“You are beautiful.”
With my two kids in tow, a random man stopped me in my car signaling me to roll my window down.
That’s when he told me those awkward words, you are beautiful. I hadn’t heard that from a stranger since long before my boys were born and I comfortably took on a leggings, #BedHairDontCare, no-makeup attitude for my errands.
I said “Thank you” and went on my way.
That’s when my 5-year-old piped in, “You must feel the way my friend did when I told her I was in love with her.”
“Well no honey, I’m sure I don’t.”
I went on to explain that while I’m sure he was just trying to be nice, it didn’t really matter because I was already in love with someone. I asked him, “Do you know who I’m in love with?”
J responded after a long silence, “DAD?!”
I said, “Yes!”
He sounded skeptical when he said, “Mom. Are you REALLY in love with Dad?”
Somehow, taking the moment to answer the question swelled my heart.
“Yes. I am REALLY in love with Dad.”
With our 8 year anniversary just a week away, I thought about all eight years have delivered.
I thought about how love had conquered so much.
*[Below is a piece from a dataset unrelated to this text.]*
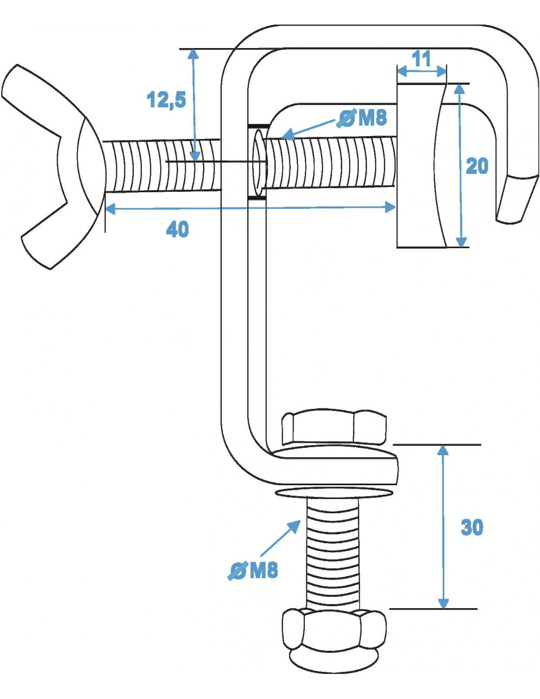 - Hook for installing projectors, lighting effects etc. via a truss system

It was love that got us through the poorer part of richer and poorer, the sicker part of health and sickness and definitely the worse part of better or worse.
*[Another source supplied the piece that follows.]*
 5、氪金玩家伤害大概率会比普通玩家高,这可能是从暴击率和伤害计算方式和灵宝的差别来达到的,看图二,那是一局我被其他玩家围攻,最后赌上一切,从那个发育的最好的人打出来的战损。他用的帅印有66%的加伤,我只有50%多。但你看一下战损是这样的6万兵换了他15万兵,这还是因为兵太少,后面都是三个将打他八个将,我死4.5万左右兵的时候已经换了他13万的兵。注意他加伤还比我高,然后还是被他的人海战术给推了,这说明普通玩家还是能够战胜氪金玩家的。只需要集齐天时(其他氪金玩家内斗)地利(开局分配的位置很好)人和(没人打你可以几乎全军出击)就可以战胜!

I also thought about where we are now – on the better part of our vows.
I thought about the parts of marriage that make marriage worth it – the laughter, support and spontaneous dancing in the living room (even if I’m the only one dancing and he’s making sarcastic remarks).
I thought about what our relationship brought to the world. Two little boys full of light and love.
I thought about walking down the aisle of the sandy Lake Tahoe beach. As my dad commented on the weather, I – with tears in my eyes – said, “Isn’t he handsome?”
As I snapped myself out of the daydream scanning 8 years, I realized I had tears in my eyes again.
I looked at J in the rear view mirror with my sappy-tear-filled eyes to explain again, “No matter who says I’m beautiful. I’ll always be in love with Dad.”